A variety of proteins and polypeptides can be encoded by a gene harbored within a nucleic acid molecule of the invention. Those proteins or polypeptides include hormones, growth factors, enzymes, clotting factors, apolipoproteins, receptors, drugs, oncogenes, tumor antigens, tumor suppressors, cytokines, viral antigens, parasitic antigens, bacterial antigens and chemically synthesized polymers and polymers biosynthesized and/or modified by chemical, cellular and/or enzymatic processes. Specific examples of these compounds include proinsulin, insulin, growth hormone, androgen receptors, insulin-like growth factor I, insulin-like growth factor II, insulin growth factor binding proteins, epidermal growth factor, TGF-α, TGF-β, dermal growth factor (PDGF), angiogenesis factors (acidic fibroblast growth factor, basic fibroblast growth factor and angiogenin), matrix proteins (Type IV collagen, Type VII collagen, laminin), oncogenes (ras, fos, myc, erb, src, sis, jun), E6 or E7 transforming sequence, p53 protein, cytokine receptor, IL-1, IL-6, IL-8, IL-2, α, β, or γIFN, GMCSF, GCSF, viral capsid protein, and proteins from viral, bacterial and parasitic organisms.
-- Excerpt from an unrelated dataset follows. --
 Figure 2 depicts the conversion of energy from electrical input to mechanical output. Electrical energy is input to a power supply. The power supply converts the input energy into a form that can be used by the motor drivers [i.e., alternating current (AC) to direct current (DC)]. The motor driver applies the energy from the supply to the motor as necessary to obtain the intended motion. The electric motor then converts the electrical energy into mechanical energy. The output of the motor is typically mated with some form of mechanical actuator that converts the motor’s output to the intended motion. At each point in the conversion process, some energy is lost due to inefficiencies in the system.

Other specific proteins or polypeptides which can be expressed include: phenylalanine hydroxylase, α-1-antitrypsin, cholesterol-7α-hydroxylase, truncated apolipoprotein B, lipoprotein lipase, apolipoprotein E, apolipoprotein Al, LDL receptor, scavenger receptor for oxidized lipoproteins, molecular variants of each, VEGF, and combinations thereof. Other examples are clotting factors, apolipoproteins, drugs, tumor antigens, viral antigens, parasitic antigens, and bacterial antigens. Other examples can be found above in the discussion of nucleic acid. One skilled in the art readily appreciates that these proteins belong to a wide variety of classes of proteins, and that other proteins within these classes can also be used. These are only examples and are not meant to be limiting in any way.

It should also be noted that the genetic material which is incorporated into the cells from the molecular complex includes (1) nucleic acid molecules not normally found in the cells; (2) nucleic acid molecules which are normally found in the cells but not expressed at physiological significant levels; (3) nucleic acid molecules normally found in the cells and normally expressed at physiological desired levels; (4) other nucleic acid molecules which can be modified for expression in cells; and (5) any combination of the above.

In addition, the macromolecules of the invention may relate to nucleic acid molecules that can cleave RNA molecules in specific regions. The nucleic acid molecules which can cleave RNA molecules are referred to in art as ribozymes, which are RNA molecules themselves. Ribozymes can bind to discrete regions on a RNA molecule, and then specifically cleave a region within that binding region or adjacent to the binding region. Ribozyme techniques can thereby decrease the amount of polypeptide translated from formerly intact message RNA molecules. The methods of the invention can enhance the delivery of ribozyme nucleic acid molecules to cells using the compositions described herein.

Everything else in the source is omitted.